> _Data to examine_
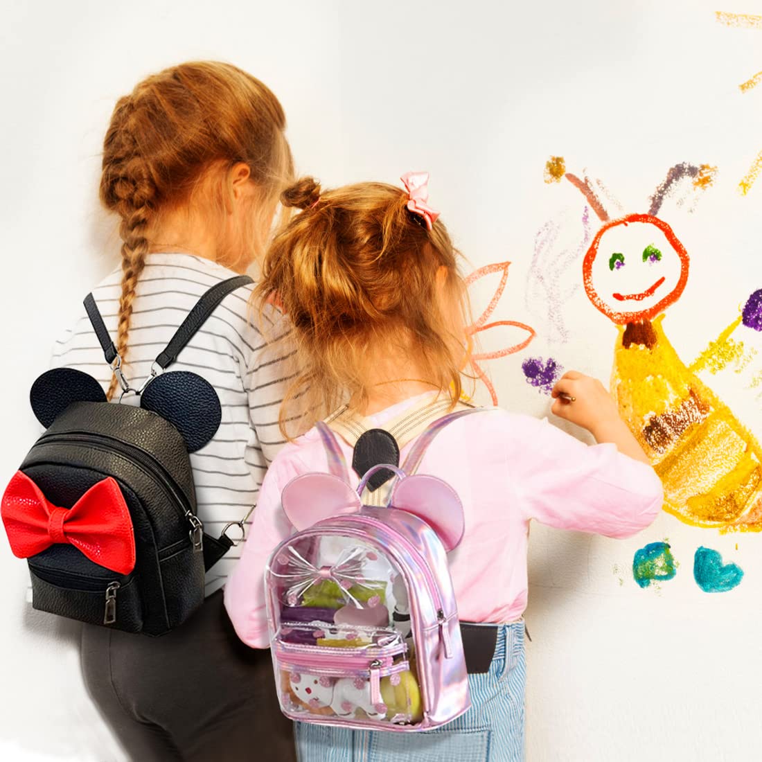 Cutest Toddler Polkadot Bow Mouse Ears Bag Mini Clear Fashion Shoulder Backpack for Teen Toddler Little Girls (clear)
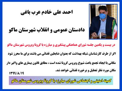 احمد علی خادم عرب باغی دادستان عمومی و انقلاب شهرستان ماکو در بیست و یکمین جلسه شورای هماهنگی پیشگیری و مبارزه با کرونا ویروس شهرستان :
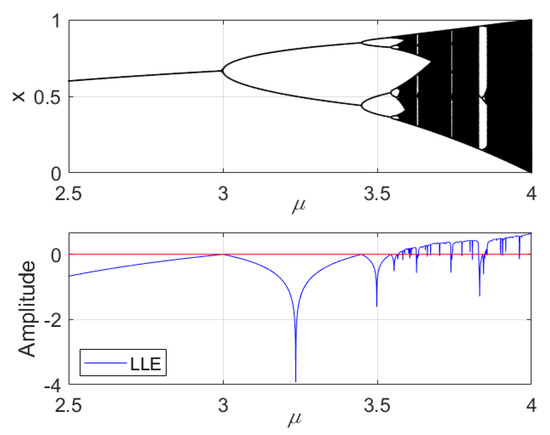 In above, we have discussed the performance of the six complexities in a group of simulation signals. In this part, we are going to use more general simulation signals. Thus, the logistic map was taken as an example, since it can generate periodical and chaotic signals. As many references shown, rolling bearings are highly nonlinear components and many studies have reported nonlinear phenomena such as bifurcations, quasi-periodicity, and chaos in rolling element bearings [28,29,30]. Logistic map, as is well known, is a nonlinear dynamic system, where a simple mathematical model is used to describe the change of insect quantity with time increasing. Logistic map can be written as . Figure 10 shows the bifurcate evolutional process of the logistic map where , meanwhile, Figure 10 shows the largest Lyapunov exponent (LLE) of the logistic map. Where LLE < 0 means the system is periodical. LLE = 0 means bifurcation occurs; and LLE > 0 means chaotic behaviors occur. As is known, the period 2 bifurcation occurs at ; the 4 bifurcation occurs at . After , there is a short period 3.
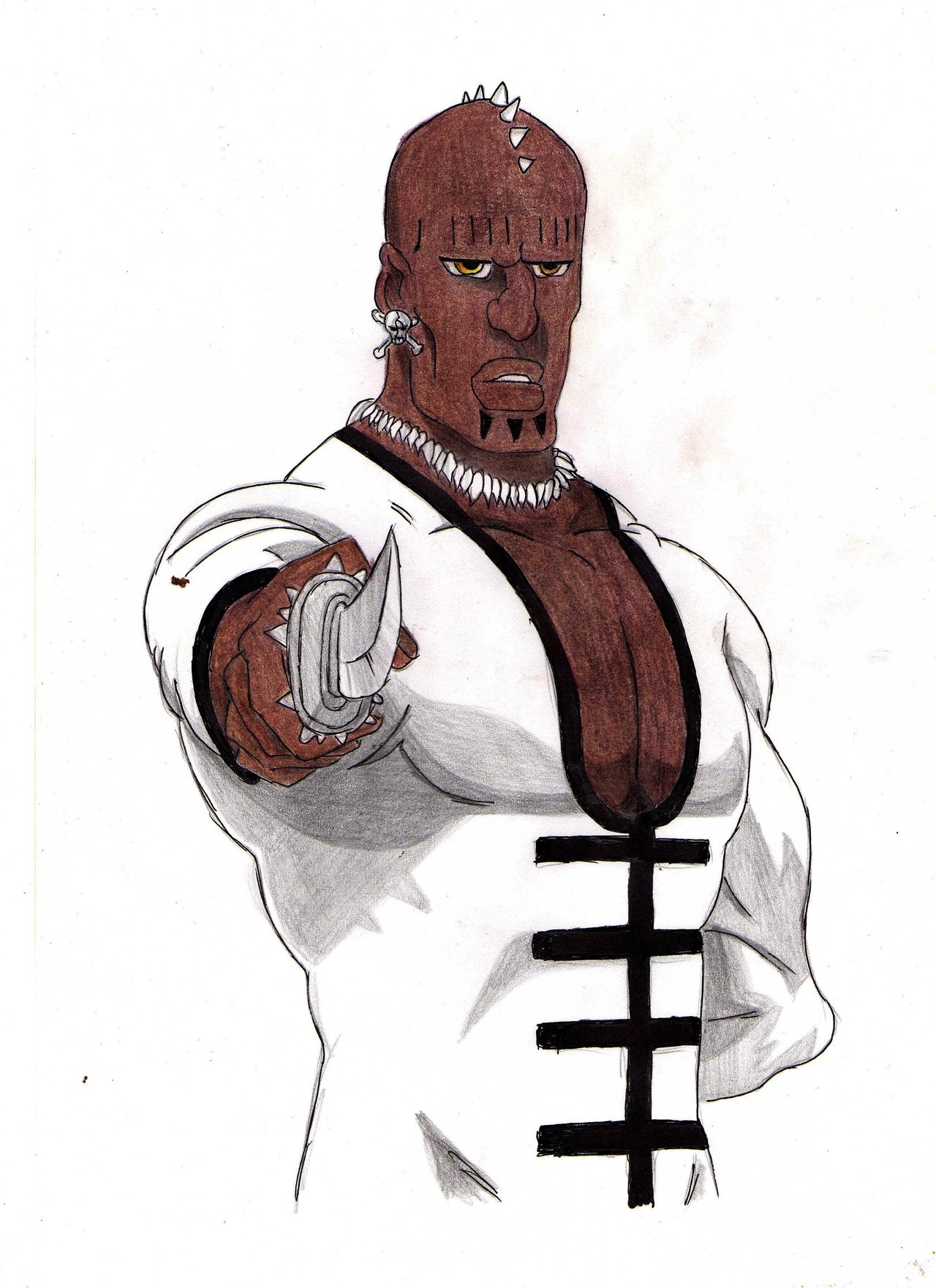 Description: A drawing of a man with a ring on his finger and a ring on his arm.
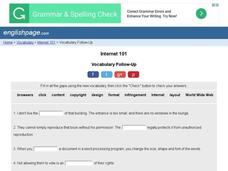 For this online interactive vocabulary skills worksheet, students answer 10 fill in the blank questions regarding Internet-related words. Students may submit their answers to be scored.
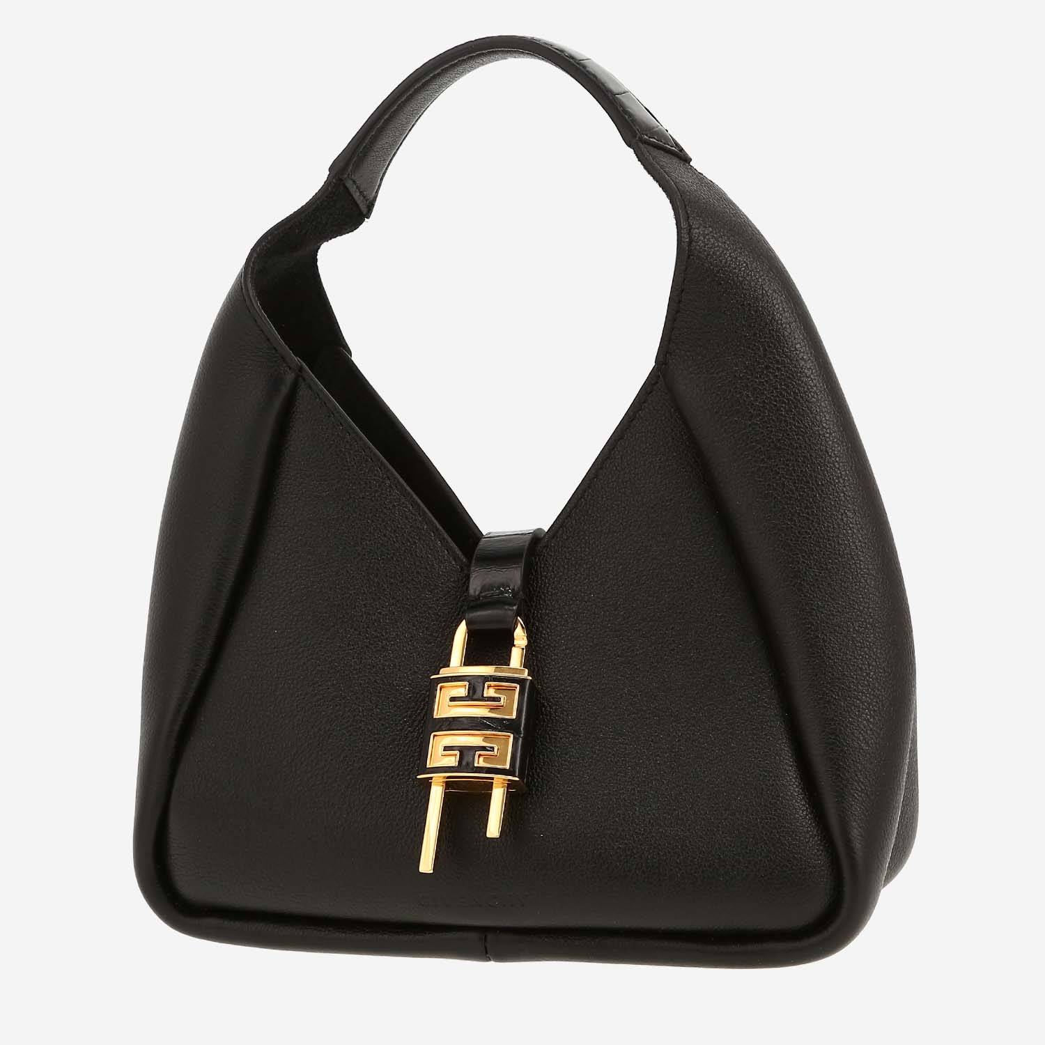 Elegante bolso de mano Givenchy G-Lock de cuero negro, adorno en metal dorado, asa sencilla de cuero negro para llevar en la mano o al hombro.

> _Problem to work on_
Copy exactly the lines from the line that contains "Description: A drawing" through the last line of the records above, both ends included, but leave out the pictures.

> _Response to this task_
 Description: A drawing of a man with a ring on his finger and a ring on his arm.
 For this online interactive vocabulary skills worksheet, students answer 10 fill in the blank questions regarding Internet-related words. Students may submit their answers to be scored.
 Elegante bolso de mano Givenchy G-Lock de cuero negro, adorno en metal dorado, asa sencilla de cuero negro para llevar en la mano o al hombro.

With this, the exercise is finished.